Required action
When you copy the material below, keep every line exact and leave each picture out.

Given data
- - -

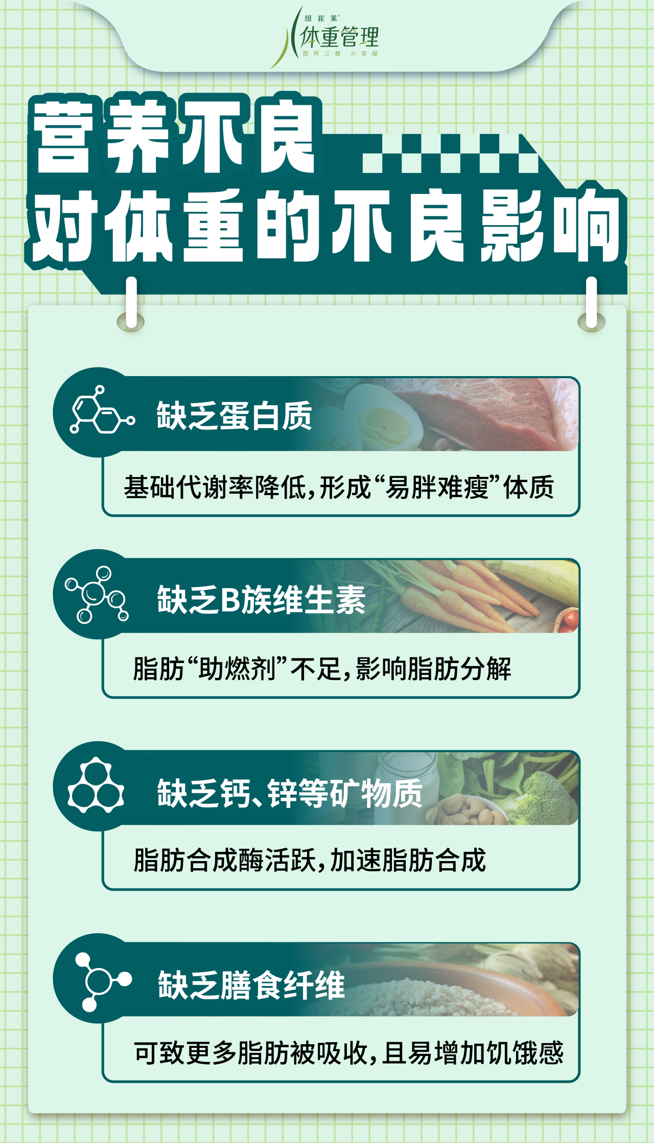 因为在热量和脂肪的代谢中,多种营养素都参与其中,扮演不同角色。若营养不良,各类营养素的缺口对体重会有多种不良影响。
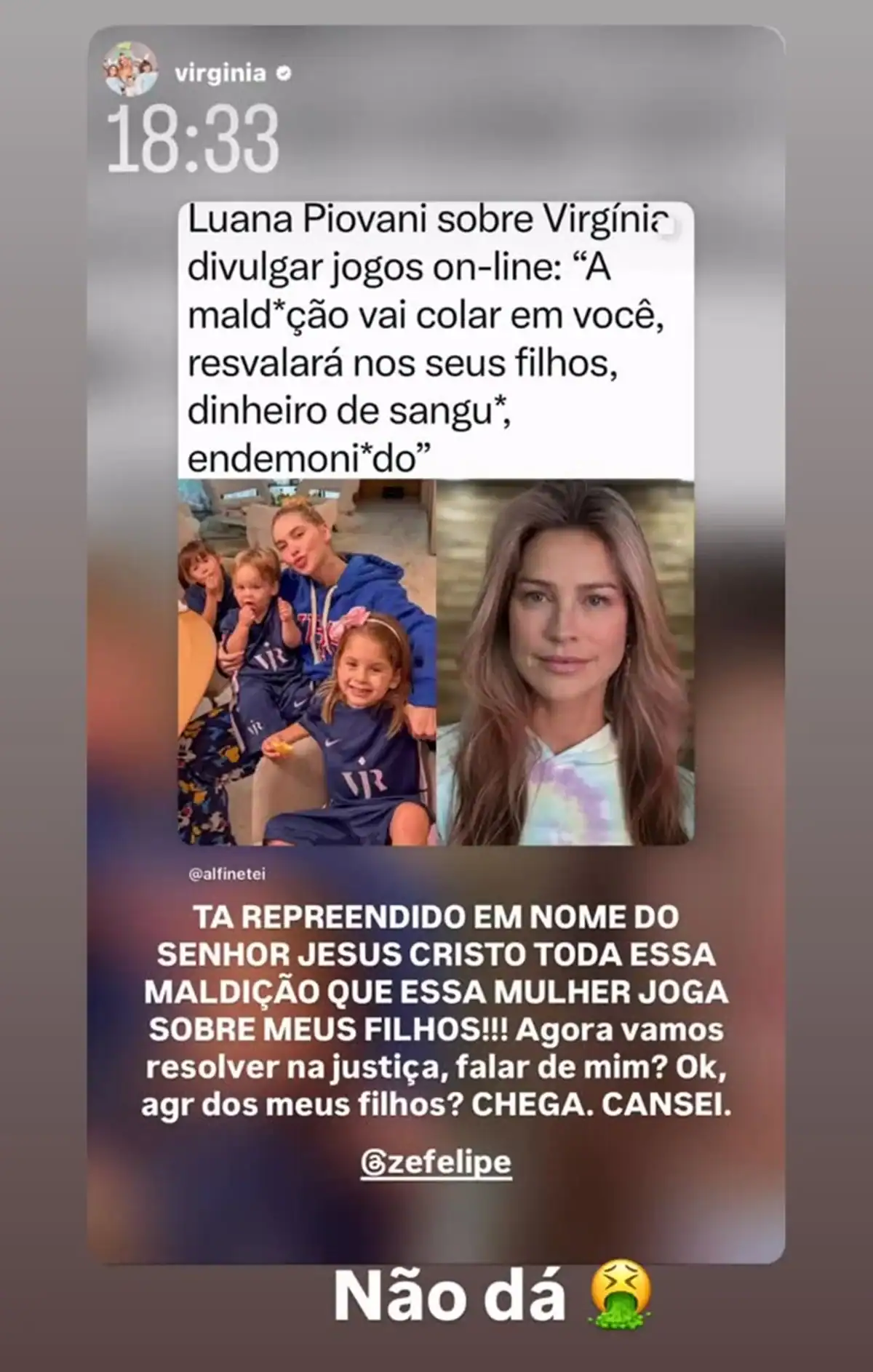Ao expor o sofrimento de Juliana, Luana Piovani citou Virginia Fonseca e escreveu: “Virginia, a maldição vai colar em você! Resvalará nos seus filhos, dinheiro de sangue, endemoniado”, criticou a artista.
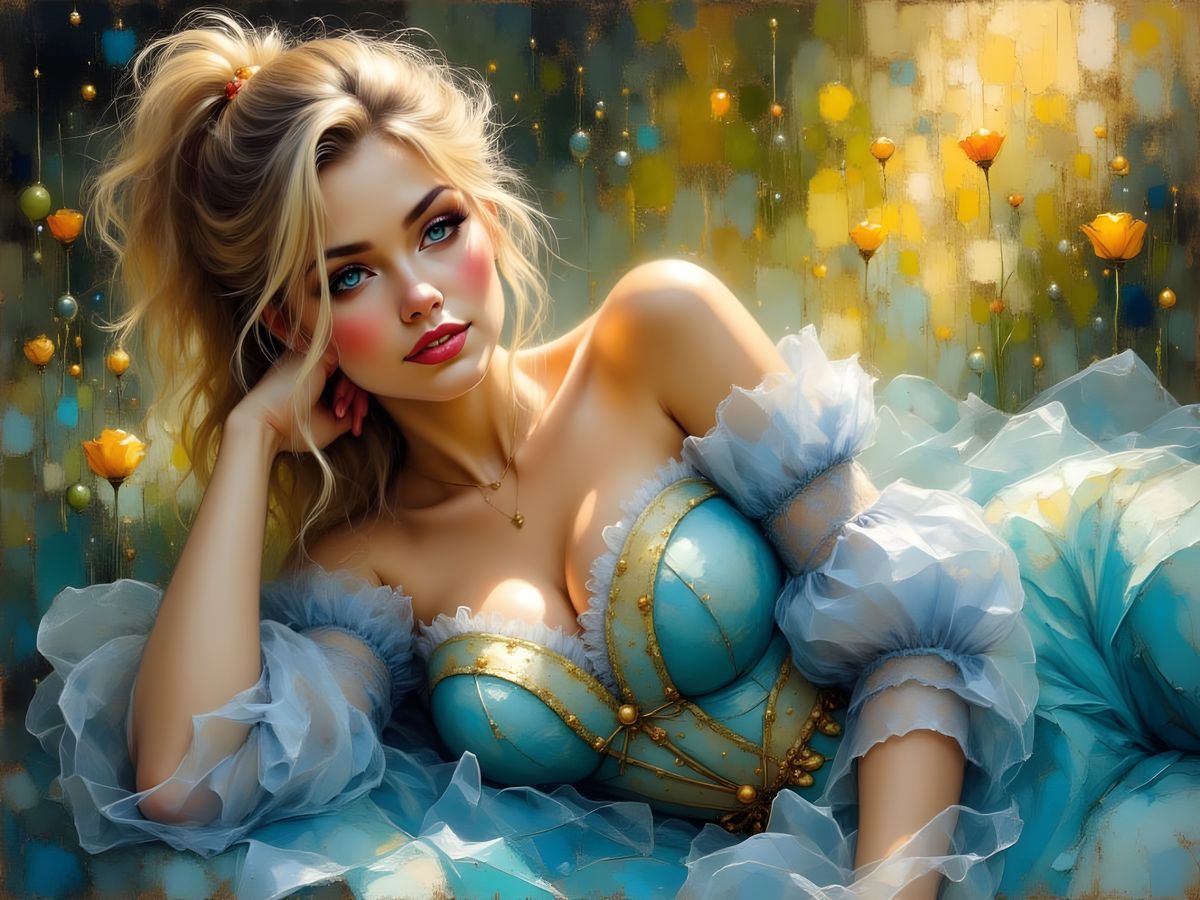 This image shows a beautiful Norse goddess with a blonde ponytail, blue eyes, and a light blue gown, rendered in a vintage impasto style with emerald and gold accents.

- - -

Task solution
 因为在热量和脂肪的代谢中,多种营养素都参与其中,扮演不同角色。若营养不良,各类营养素的缺口对体重会有多种不良影响。
Ao expor o sofrimento de Juliana, Luana Piovani citou Virginia Fonseca e escreveu: “Virginia, a maldição vai colar em você! Resvalará nos seus filhos, dinheiro de sangue, endemoniado”, criticou a artista.
 This image shows a beautiful Norse goddess with a blonde ponytail, blue eyes, and a light blue gown, rendered in a vintage impasto style with emerald and gold accents.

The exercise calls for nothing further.